- Your task: Please retype all of the entries that follow, leaving the images out.

Stored items from a collection:

====================

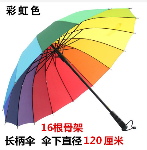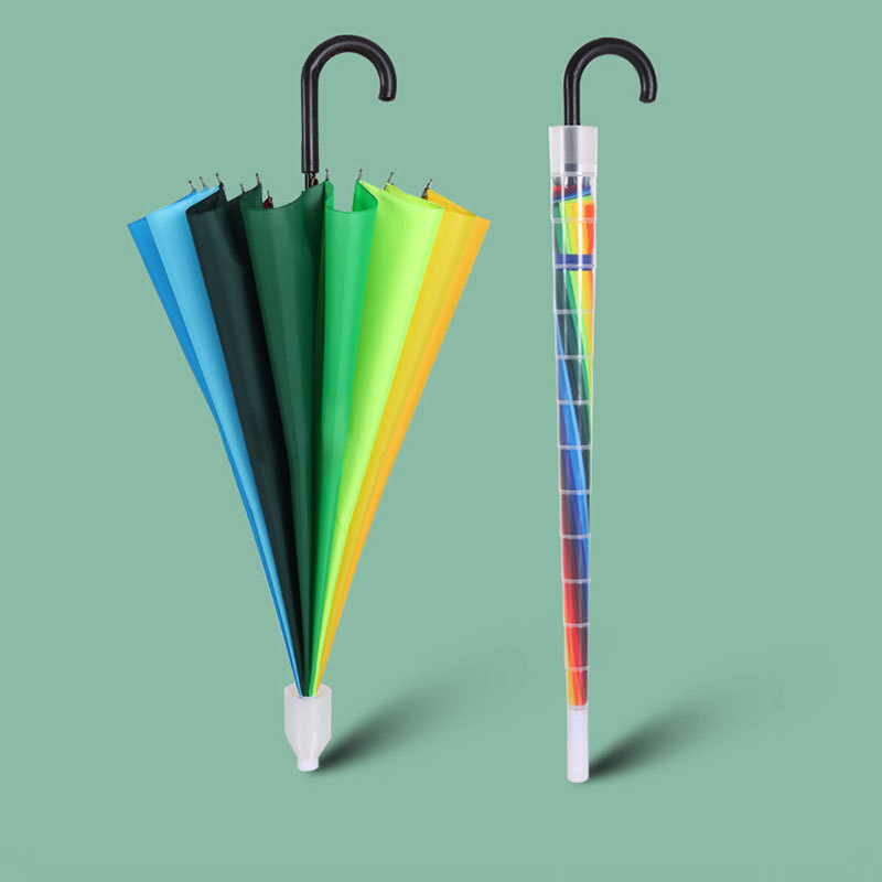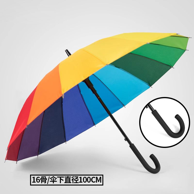 Радужный зонт с прямой ручкой (16 ребер, беспроводной, простой и элегантный)
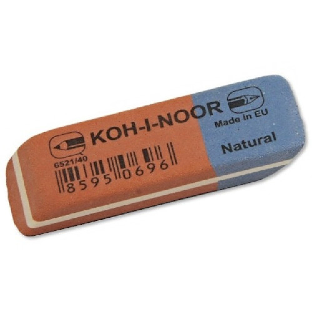 Комбінована гумка з натурального каучуку. Червона сторона - м'яка, для стирання сліду олівців твердості 8В-10Н. Синя сторона - містить абразивні речовини, для стирання сліду ручок, кольорових олівців, чорнила.
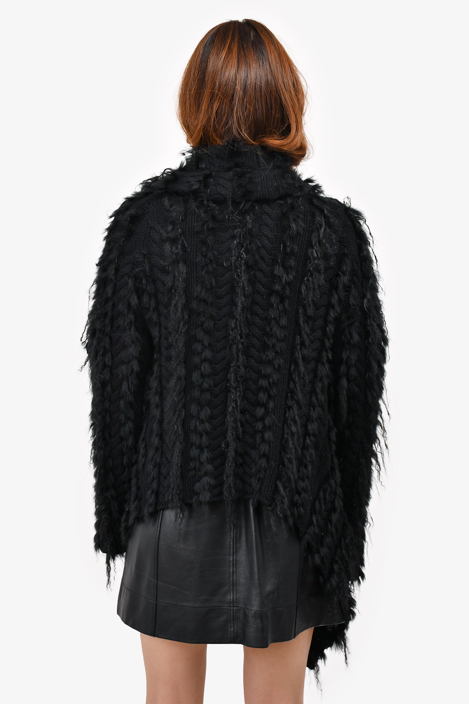 Donna Karen Black Cashmere/Rabbit Fur Open Cardigan Size L
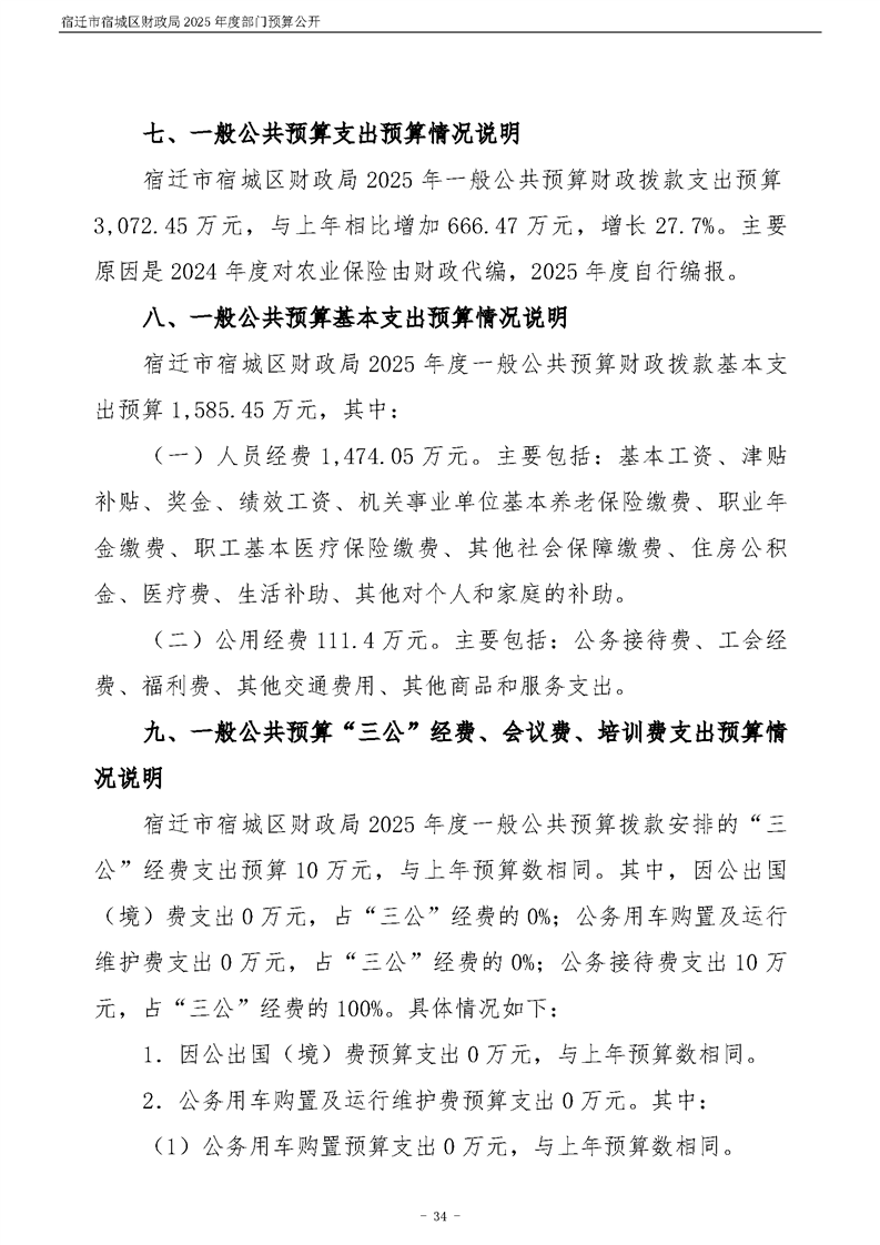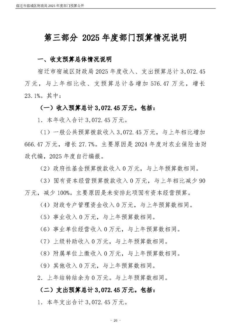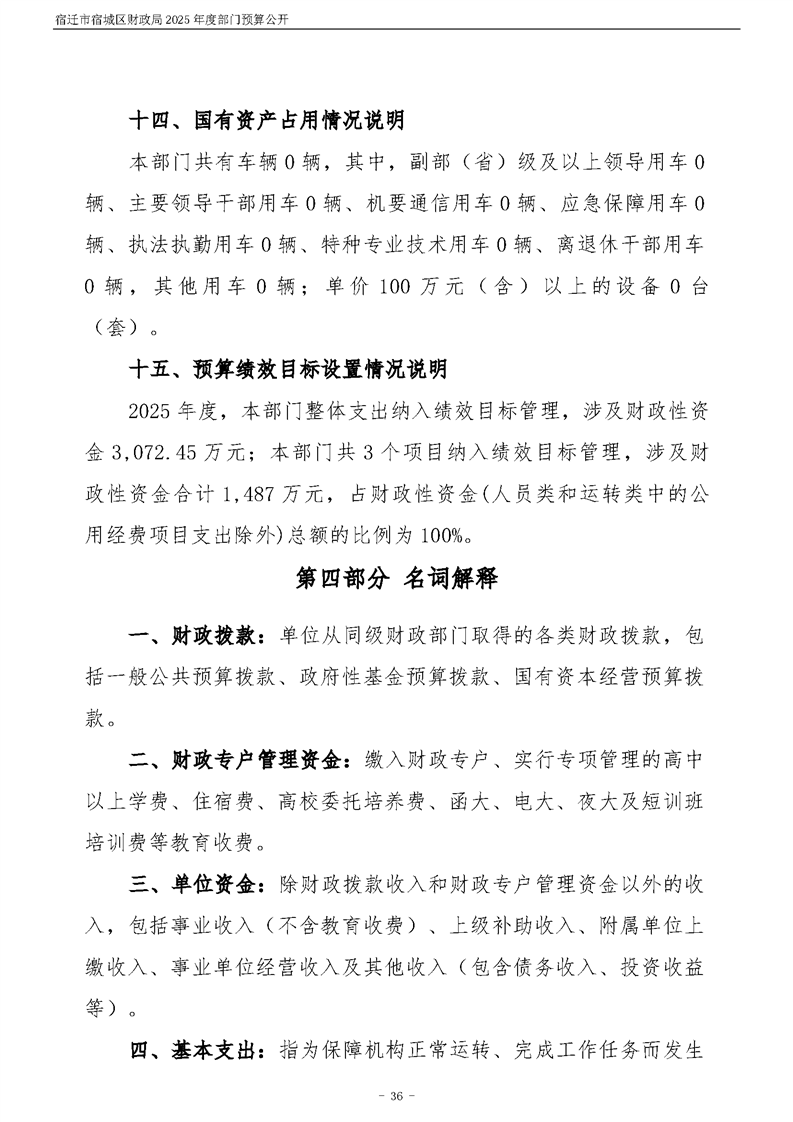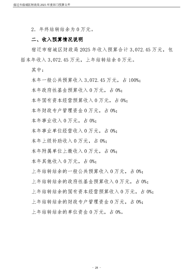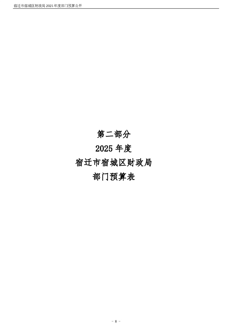 2025年度宿遷市宿城區財政局部門預算公開
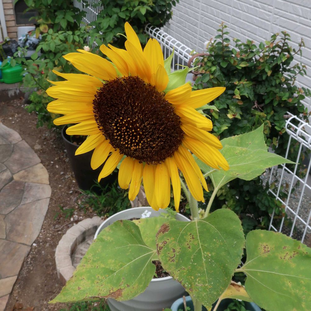 ③ ひまわり 先を想像せずに苗から育成 1.5 m 位 花が垂れ下がり気味です 15 cm の鉢では無理があったようです 来年は矮性のもので・・
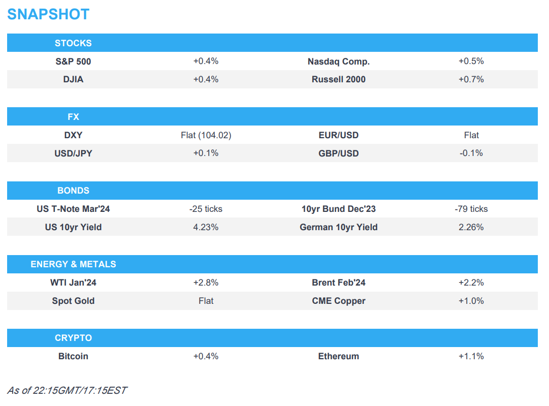 - Chinese CPI and PPI printed softer than expected for November with CPI YY at -0.5% vs. Exp. -0.1% (Prev. -0.2%).

====================

- Response area:
 Радужный зонт с прямой ручкой (16 ребер, беспроводной, простой и элегантный)
 Комбінована гумка з натурального каучуку. Червона сторона - м'яка, для стирання сліду олівців твердості 8В-10Н. Синя сторона - містить абразивні речовини, для стирання сліду ручок, кольорових олівців, чорнила.
 Donna Karen Black Cashmere/Rabbit Fur Open Cardigan Size L
 2025年度宿遷市宿城區財政局部門預算公開
 ③ ひまわり 先を想像せずに苗から育成 1.5 m 位 花が垂れ下がり気味です 15 cm の鉢では無理があったようです 来年は矮性のもので・・
 - Chinese CPI and PPI printed softer than expected for November with CPI YY at -0.5% vs. Exp. -0.1% (Prev. -0.2%).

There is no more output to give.